The sample consisted of 198 Italian women (94%) and 12 foreign women (6%). The average age of the participants was 34 years. Educational qualifications were specified by 163 women: 73 (45%) were graduates; 50 (31%) had a high school diploma; 29 (17%) had obtained post-graduate qualifications; 7 (4%) had a professional diploma; 3 (2%) a middle-school diploma; and 1 (1%) an elementary school diploma.

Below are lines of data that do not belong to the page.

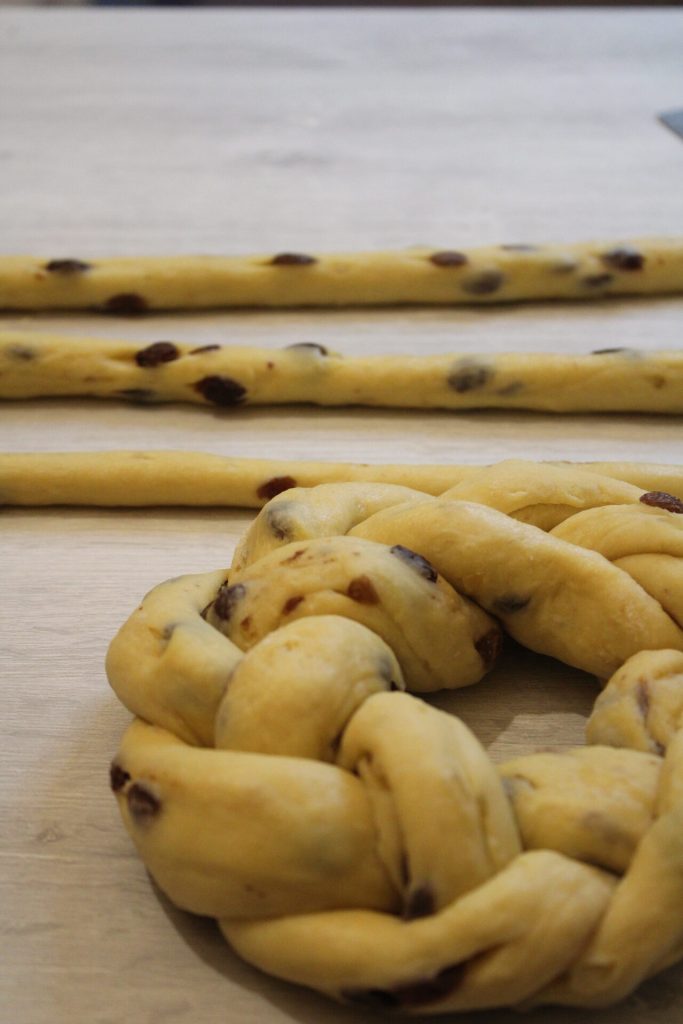 Shape your buccellato, make sticks, and braid them, then form crowns as in the picture.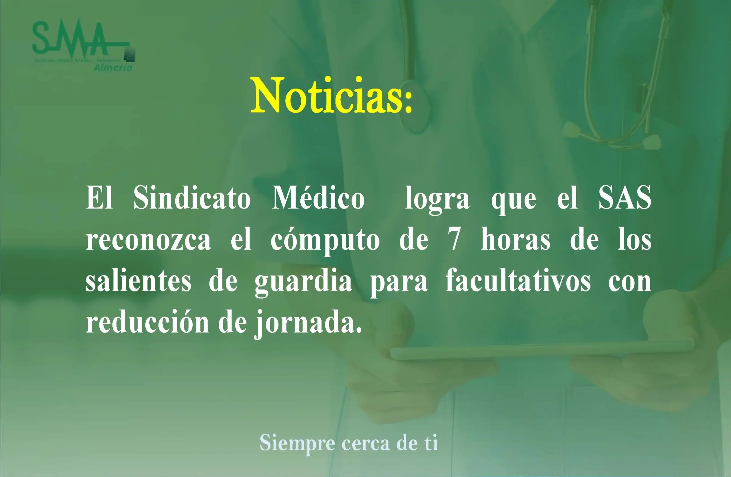 Noticias: Importante logro del Sindicato Médico de Almería: reconocimiento del SAS para el cómputo correcto de los salientes de guardia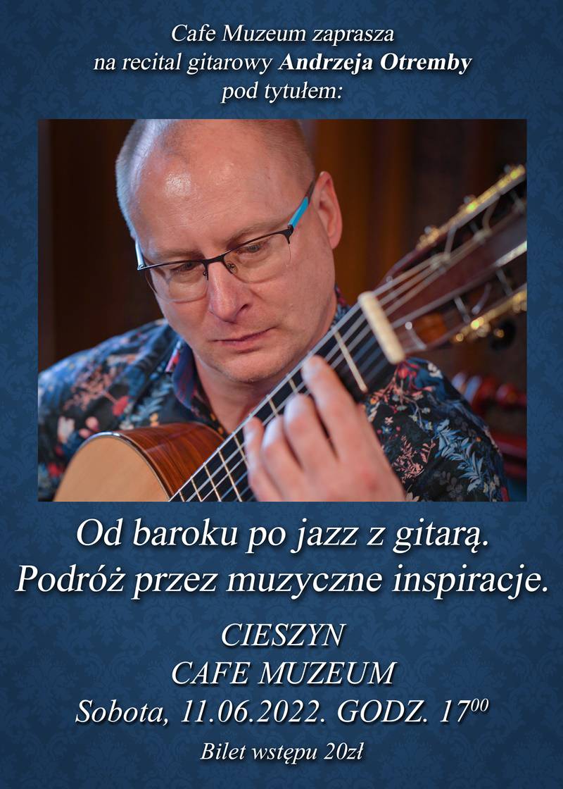 Cafe Muzeum zaprasza 11 czerwca na godz. 17.00, na recital gitarowy Andrzeja Otremby "Od baroku po jazz z gitarą. Podróż przez muzyczne inspiracje"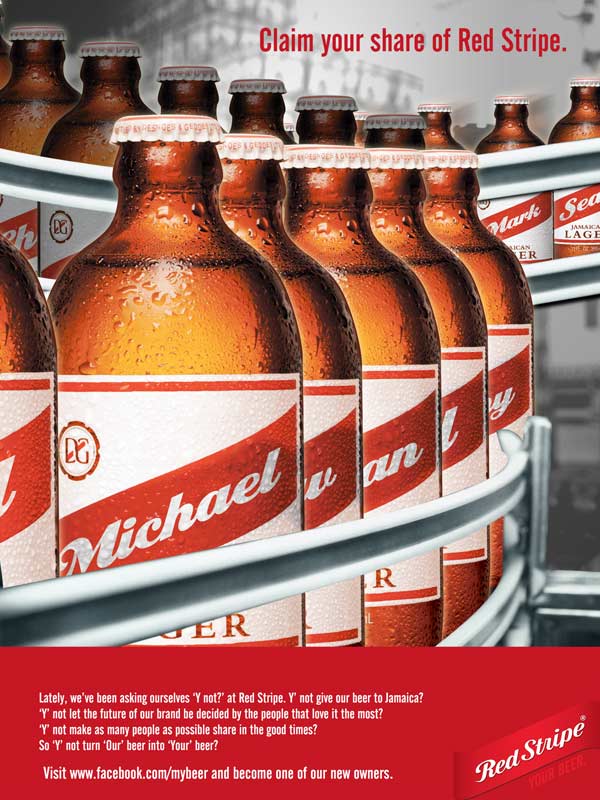 What if you had the chance to really own your own beer label? Better yet own the brewery? Move over Mr. Beer ambassador, the Island people who love this product can now make it theirs. Via a 360˚ campaign the user would register virally and would then receive owner initiatives to spend company profits and would be able to share the wealth socially. So buy your stack today!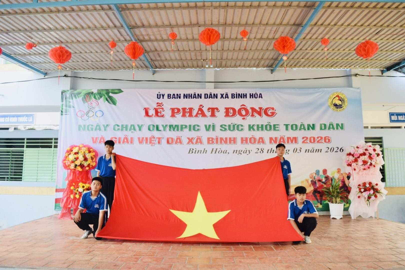 Sáng ngày 28/3/2026, tại Trường Tiểu học B Bình Thạnh, xã Bình Hòa long trọng tổ chức Lễ phát động Ngày chạy Olympic vì sức khỏe toàn dân gắn với khai mạc Giải Việt dã năm 2026. Tham dự buổi lễ có các đồng chí lãnh đạo địa phương, đại diện các ban, ngành, đoàn thể, lực lượng vũ trang cùng đông đảo cán bộ, công chức, viên chức, đoàn viên, thanh niên, học sinh và Nhân dân trên địa bàn.
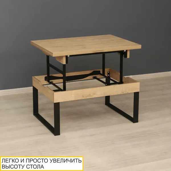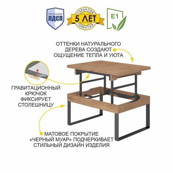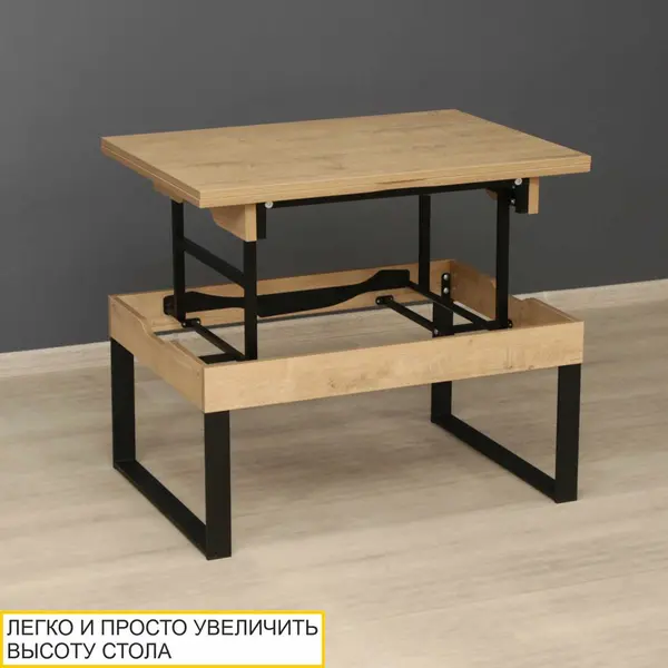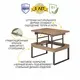 • Уникальный подъемный механизм легко и просто позволяет преобразовать журнальный стол в обеденный, увеличивая высоту до 73 см.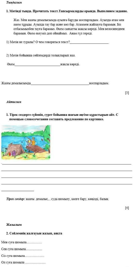 1.Мен жазғы демалысымда әкеммен ауылға бардым. Біз ауылда көлге бардық, суда шомылдық, балық ауладық. Менің ауылдағы демалысым осылайша көңілді өтті.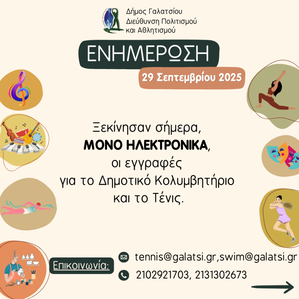 Ξεκίνησαν σήμερα, Δευτέρα 29 Σεπτεμβρίου 2025, ΜΟΝΟ ΗΛΕΚΤΡΟΝΙΚΑ, οι εγγραφές για το Δημοτικό Κολυμβητήριο και το Τένις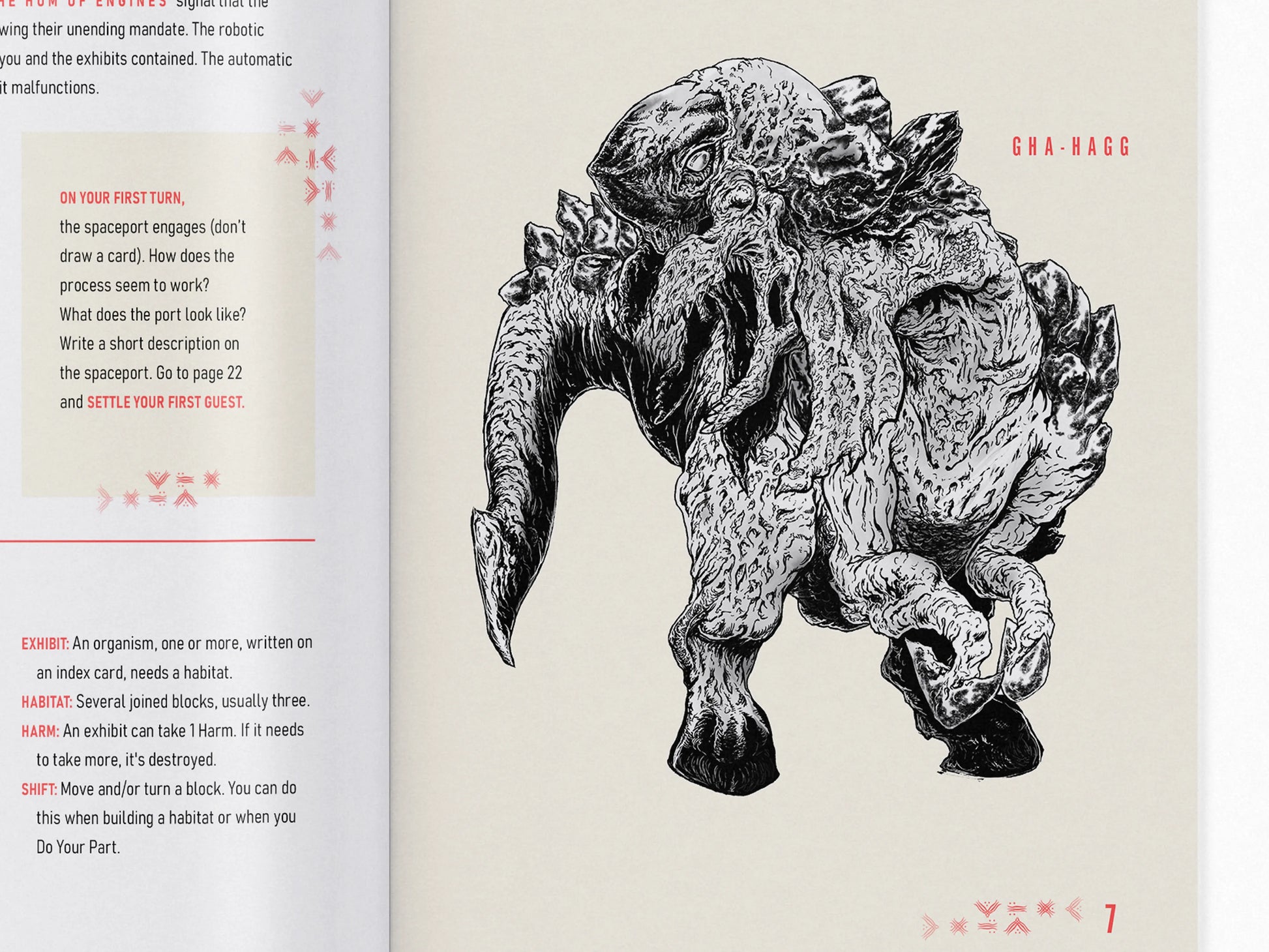 But something has malfunctioned. The stars are wrong. Through the window you see an old dusty planet, from which a beam of light emerges to engulf your ship as an alien presence integrates with your systems. Your gut lurches as you lose and regain consciousness—now you stand in a hall of groaning, rusty engines, the dried corpse of an alien creature before you.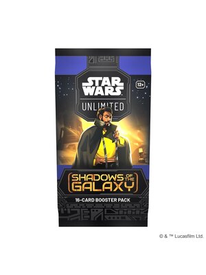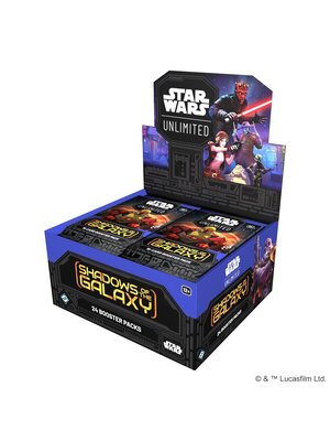 Enter a galaxy of endless possibilities in Star Wars: Unlimited! In this fast-paced, easy-to-learn trading card game, you and your opponent face off in exciting head-to-head battles full of iconic Star Wars characters. In this booster pack display for the game's second set, Shadows of the Galaxy, you'll find 24 individually wrapped booster packs. Each pack contains 9 common cards, 3 uncommon cards, 1 rare or legendary card, 1 leader, 1 base/token, and 1 foil card.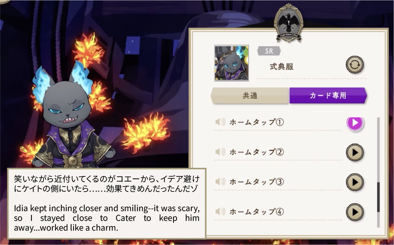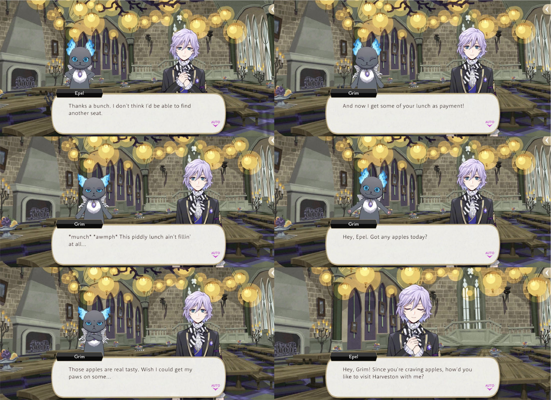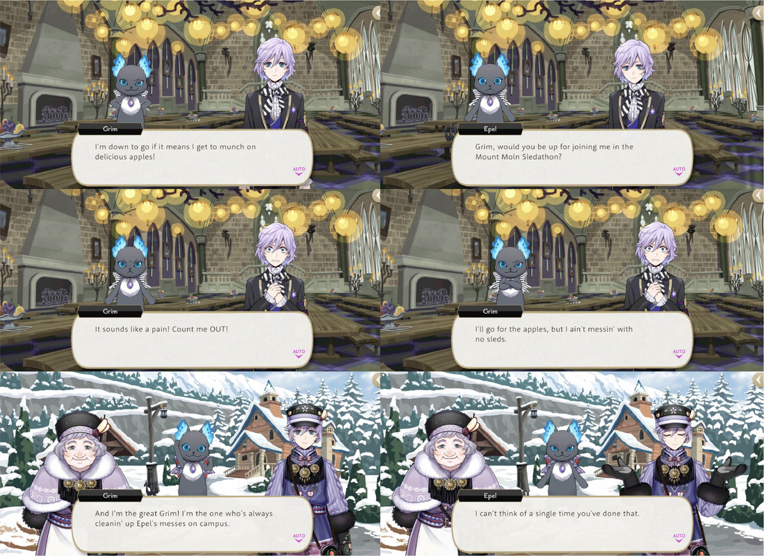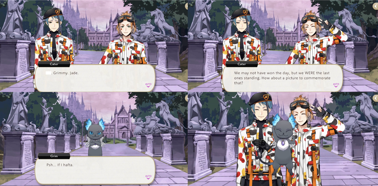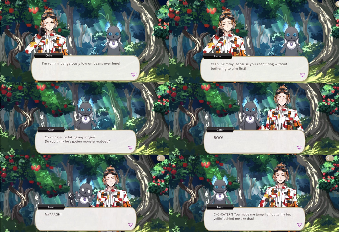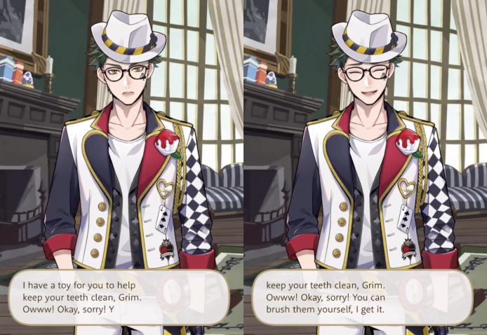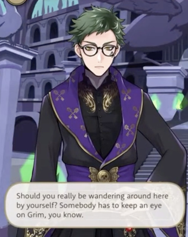 Grim has a voice line about sticking close to Cater in order to get Idia to leave him alone.

The questions regarding previous vaccination experiences and sources of information on vaccinations showed that 60 women (29%) knew which vaccinations they had had during their lifetime. Of the women who had already had children (44), 36 (82%) reported that their children had had all the vaccinations proposed, while eight stated that their children had only had some of these vaccinations.
The most common sources of information were word of mouth (friends, family, etc.) (50%), the family doctor (45.7%), and the traditional mass media (TV, radio, newspapers) (35.7%). Paediatricians and gynaecologists were sources of information in 21.4% and 16.2% of cases, respectively. Moreover, 19.5% of the participants consulted institutional websites to retrieve information on vaccinations (Fig. 1).
During the pre-intervention phase, the quality of the information received from health professionals was judged to be excellent (9%), good (31%), sufficient (31%), insufficient (17%), and scarce (11%).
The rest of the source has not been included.